SeungHyun·2024년 5월 5일

DL-Lv0

DL

목록 보기

4/5

0. 개요

pytorch를 활용한 RNN 모델 구현 내용임.
(사용한 dataset: IMDB)

목차
- RNN Cell 구현 << 현재 포스트
- RNN 구현
- Dataset, Dataloader 구현
- Train, Predict, Evaluation 구현

1. 전체 코드

1-A. package import

# torch package
import torch
import torch.nn as nn
import torch.optim as optim
import torch.nn.functional as F


# dataset packagea
from torch.utils.data import Dataset, DataLoader
from tensorflow.keras.datasets import imdb
from sklearn.model_selection import train_test_split

# metrcis
from sklearn.metrics import accuracy_score, classification_report

# ETC
from tqdm import tqdm
import numpy as np
import matplotlib.pyplot as plt


device = torch.device("cuda" if torch.cuda.is_available() else "cpu")
print(device)

1-B. RNN Cell

class SimpleRNN_cell(nn.Module):
    def __init__(self, input_size, hidden_size, device):
        super().__init__()
        # input_size: X features(X's columns) 
        # if X.shape (batch_size, sequence_length, feature) then X.shape[2](feature)
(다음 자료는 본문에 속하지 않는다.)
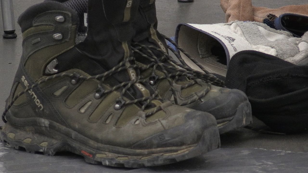Long had afgelopen week een klaptafeltje in het museum neergezet. Er lag gereedschap op, naast een thermoskan en wat bekers. Tegen een van de tafelpoten leunde een klein stilleven: twee 'zeer ervaren' wandelschoenen.

        self.input_size = input_size
        self.hidden_size = hidden_size
        self.device = device


        # 파라미터 생성 및 초기화
        # forward 내 tanh 인자값에 대한 연산으로 torch.matmul을 사용할 경우 아래 주석처리된 W_xh를 사용
        # self.W_xh = nn.Parameter(torch.empty(self.input_size, self.hidden_size, device=self.device))
        self.W_xh = nn.Parameter(torch.empty(self.hidden_size, self.input_size, device=self.device))
        self.W_hh = nn.Parameter(torch.empty(self.hidden_size, self.hidden_size, device=self.device))
        self.b_xh = nn.Parameter(torch.empty(self.hidden_size, device=self.device))
        self.b_hh = nn.Parameter(torch.empty(self.hidden_size, device=self.device))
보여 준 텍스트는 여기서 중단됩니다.